If everything is cleared through Mom and Dad and you do go the video game route, make sure to set up a couple of guest accounts on your console. Or if you're letting them use a computer, back up your game's save files. A few years ago, I let a couple of kids get on my computer -- the one I used to play my 60+ hours of Fallout: New Vegas. When I brought up the game the next day, they had used my character to slaughter every person in every faction I was trying to gain favor with. Their bodies were neatly placed in the desert to spell out "YOU ARE AN ENTERTAINMENT ABORTION -- A MALIGNANT TUMOR FESTERING DEEP WITHIN THE LUNGS OF OUR COMPLACENT GENERATION!"

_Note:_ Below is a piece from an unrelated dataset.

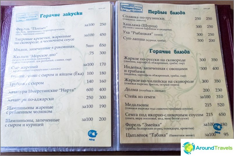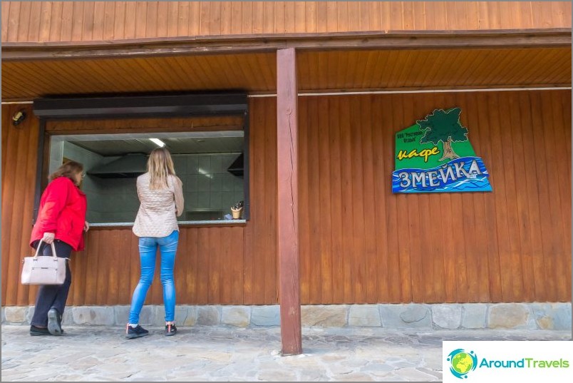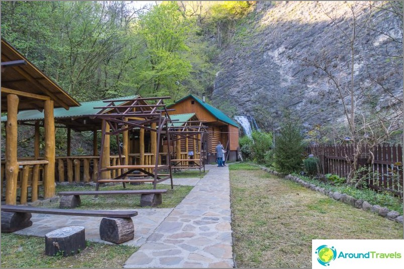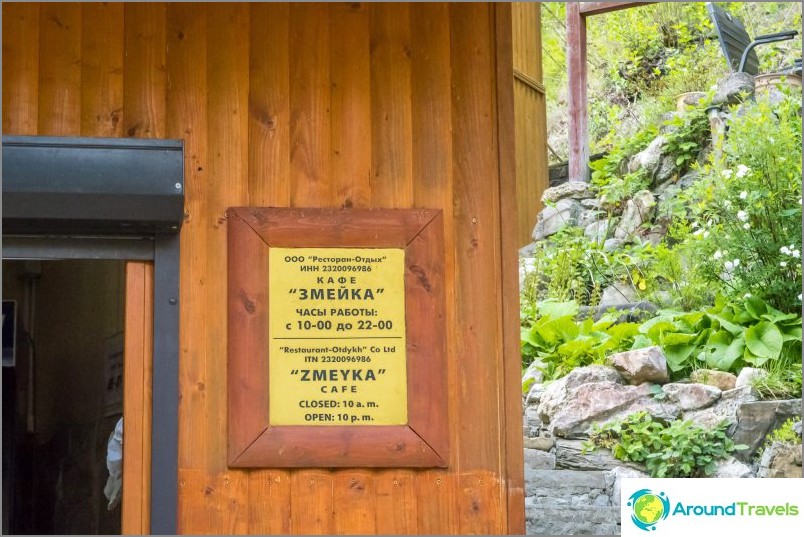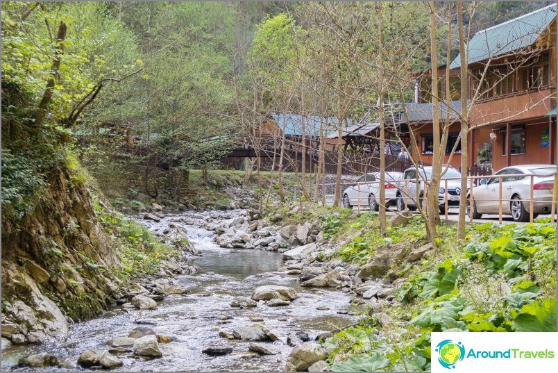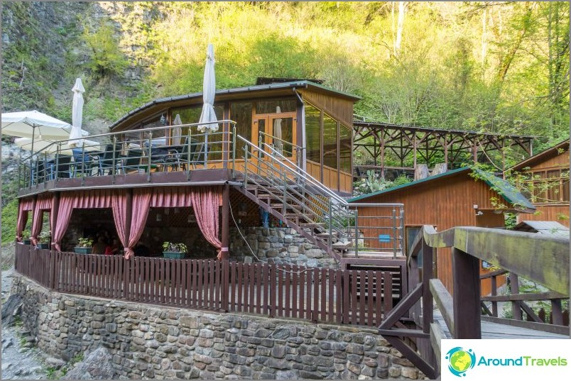 Cafe «Snake» near the Zmeikovsky waterfalls in Sochi - this is a restaurant-monopoly of the entire attraction. The institution was built right on the river bed, and its two halves are connected by a small footbridge - an excellent viewpoint, by the way, for shooting the first Zmeikovsky waterfall. If you look at the waterfall, then on the right will be the main building with two floors, with a kitchen and a ticket office for the entrance to the trekking. And on the left - covered wooden gazebos with a gravel yard, apparently it is needed during the high season, when the flow of tourists is off the charts. In April 2018, I walked here almost in splendid isolation..

If you have the ability, another thing to consider is putting your console or tower as close to the ceiling as humanly possible. Because kids = spills. It doesn't matter how old they are; something is getting spilled in your house, and the law of nature guarantees that it'll be directly on your most expensive piece of electronics.

Barring electronics, your floor is next on their list of "things to fuck up in someone else's house." If you can avoid putting them in a room with light-colored carpet, it would be a good idea. Actually, it would probably be easier to just remove all of the carpet in your house before they get there. And maybe lay down some plastic ...

Know what? You got this. I'm probably just making a big deal out of nothing. It's just dinner, after all. What could possibly go wrong?